(Records from a dataset)

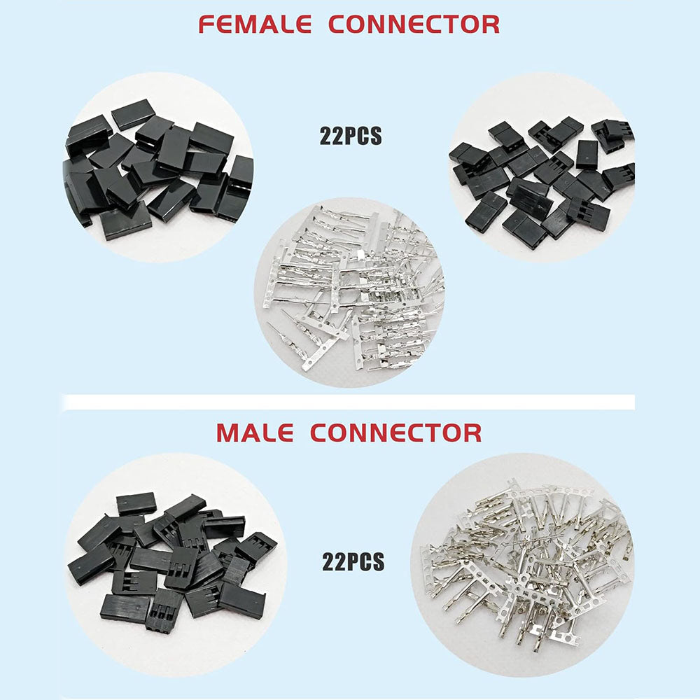 【Exquisite Workmanship】 All connectors and terminal manufactured with precision-fitting and durability ensuring accurate mating. The servo connector is 2.54mm pin spacing and the red connector is 2.5mm pin spacing
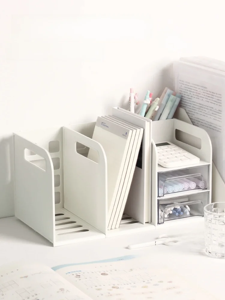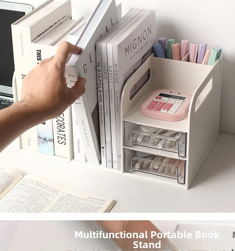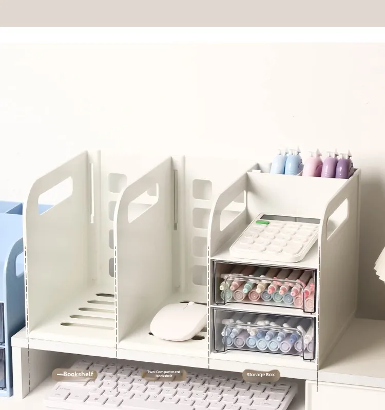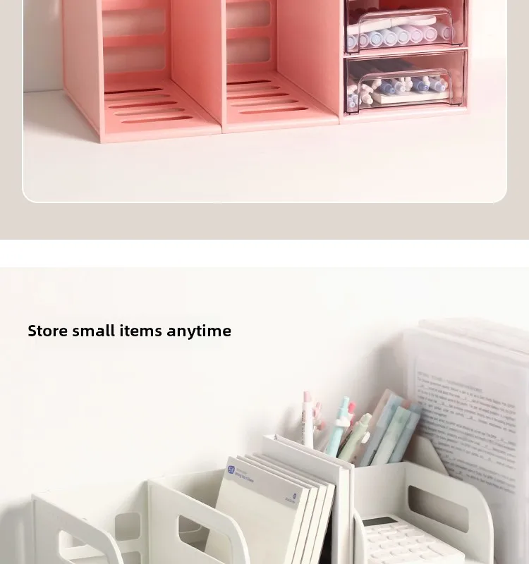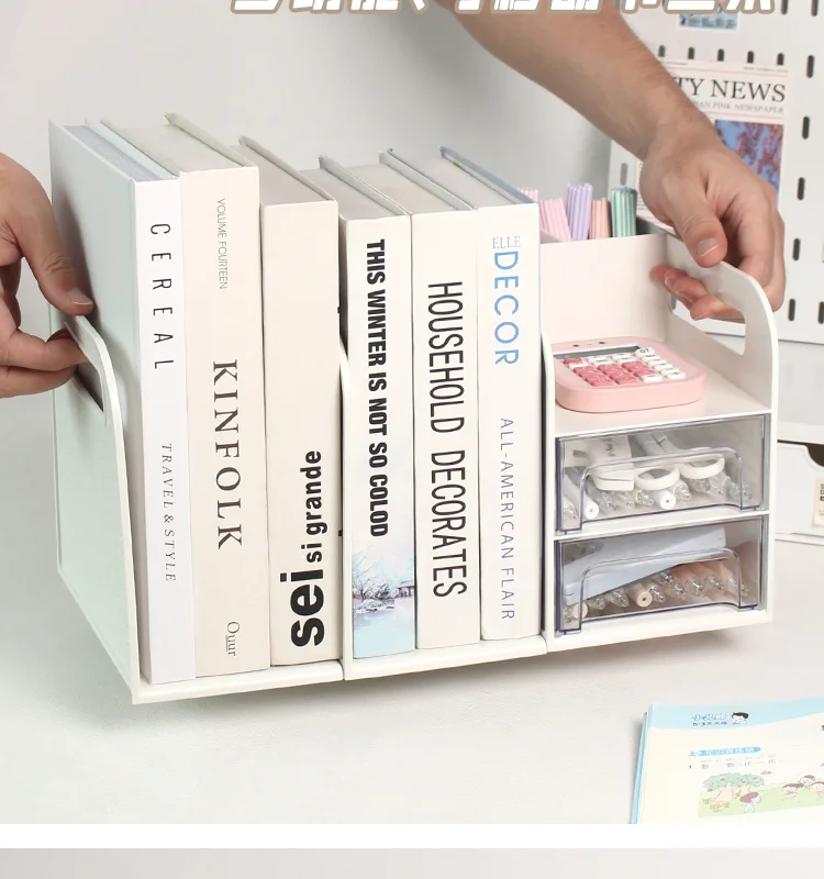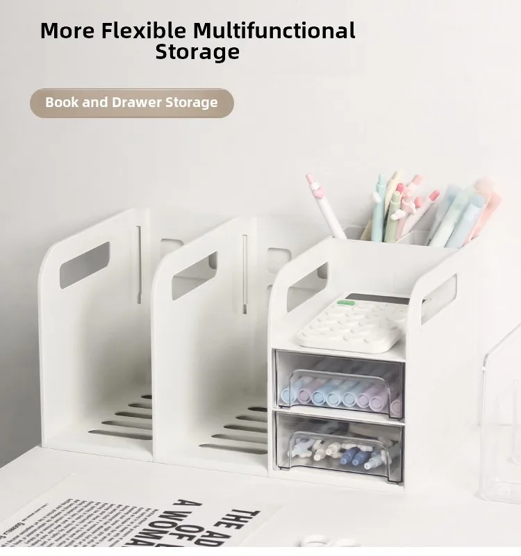This drawer-style book organizer is a versatile storage solution for your desk, perfect for college students living in dormitories.
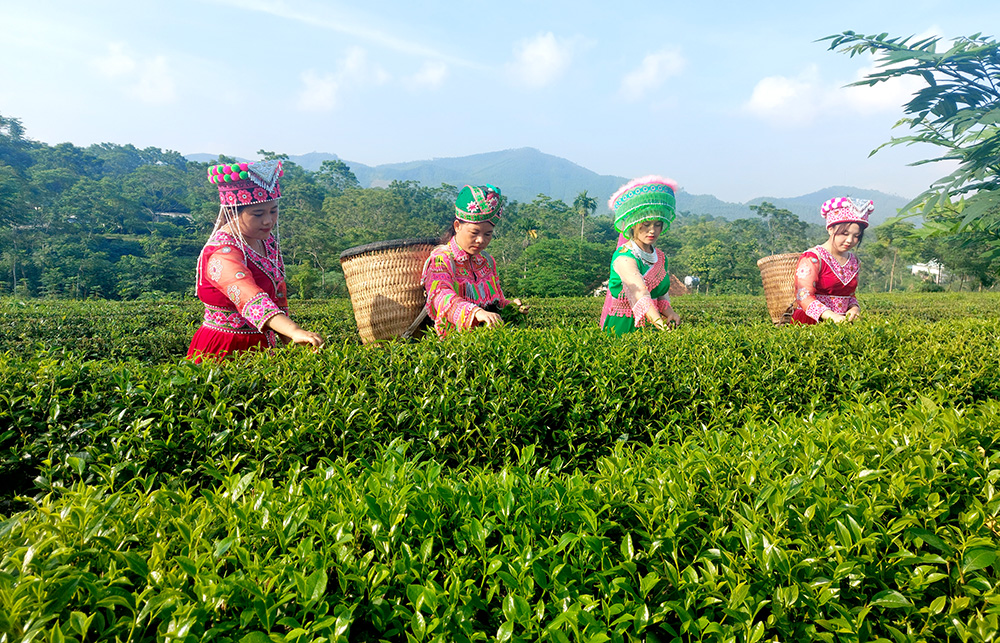 Đồng bào dân tộc Mông thôn Mỹ Hoa, xã Mỹ Bằng (Yên Sơn) thu hái chè.
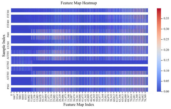 In the feature heatmap, the horizontal axis represents the feature values, and the vertical axis represents the device number. Flattening all feature maps, each 1667 activation value is taken as a group and displayed as a square in the heatmap. The color represents the size of the activation value. The brighter the area, the larger the group of activation values, so the importance of this feature at this location is higher. In the feature heatmap, many features have high activation values in a specific interval, indicating that this feature is very important for distinguishing samples. Observing the feature heatmap, you can see that the color of UV501 is the brightest, and the color of AIT502 is lighter. Combined with the dataset, it can be found that UV501 is the core sensor; its value will greatly affect the operation of the entire system, the data change amplitude and frequency of the UV501 dimension are huge, and more time series features can be obtained. The role of AIT502 is relatively small, the data change smoothly, with fewer time series features, and the performance of the feature map is consistent with the dataset analysis. Therefore, our multi-scale, multi-channel convolution kernel can effectively extract time series features within the dimension from the dataset.
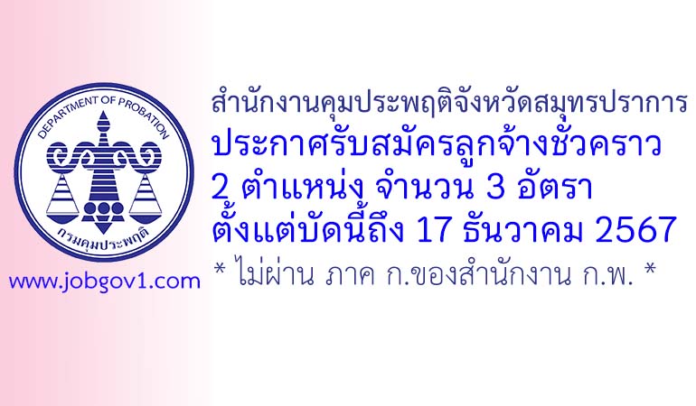 สำนักงานคุมประพฤติจังหวัดสมุทรปราการ รับสมัครลูกจ้างชั่วคราว 3 อัตรา ตั้งแต่บัดนี้ถึง 17 ธันวาคม 2567
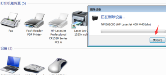 3、选择经常提示被挂起的打印机设备,右键单击选择删除设备。
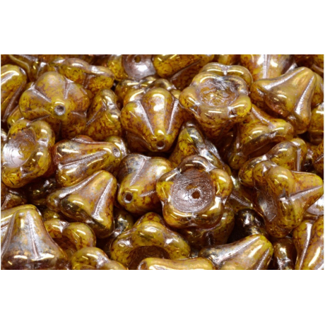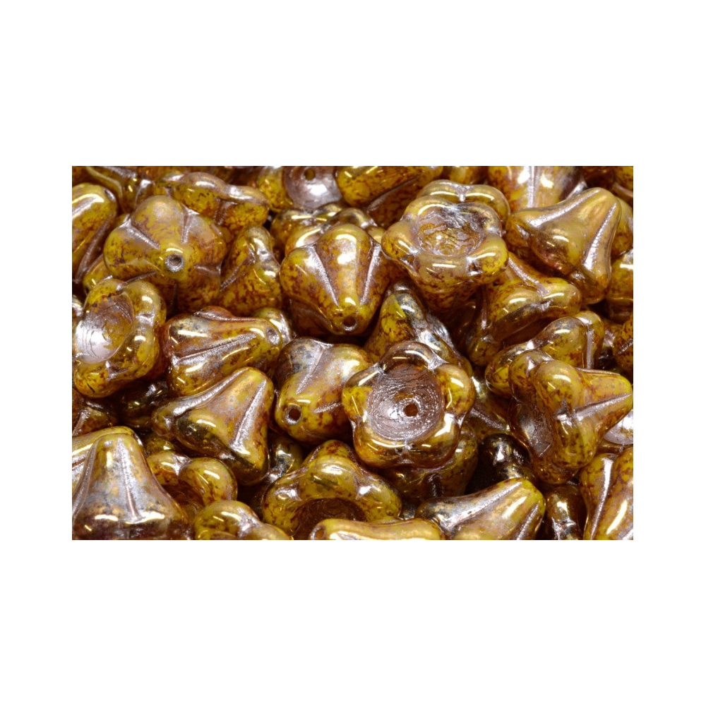 Žlutá barva s jemným bronzovým nádechem dodává těmto skleněným korálkům ve tvaru květinových zvonků neopakovatelný vintage charakter. Každý kus je výsledkem precizního českého řemesla z dílny Rutkovský, kde se tradiční techniky mačkání skla snoubí s moderními povrchovými úpravami pro dosažení maximální estetické hodnoty.
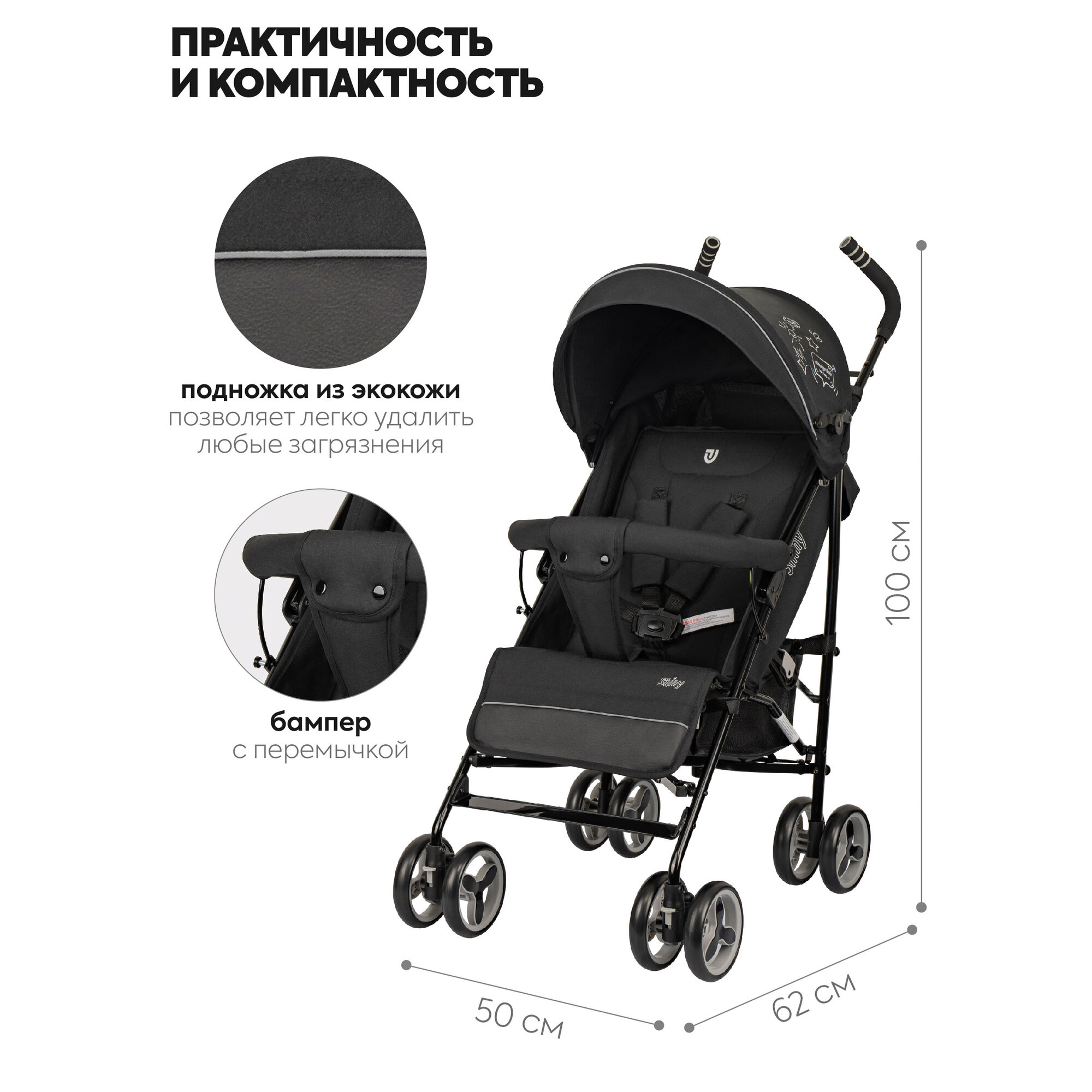 СохранитьКоляска трость детская прогулочная Jovola Shiny, легкая, для путешествий, черный интересное:

What to work on:
Copy the lines above exactly, starting with the line that contains "This drawer-style book" and ending with the line that contains "Đồng bào dân", and leave out any pictures.

Task output:
This drawer-style book organizer is a versatile storage solution for your desk, perfect for college students living in dormitories.
 Đồng bào dân tộc Mông thôn Mỹ Hoa, xã Mỹ Bằng (Yên Sơn) thu hái chè.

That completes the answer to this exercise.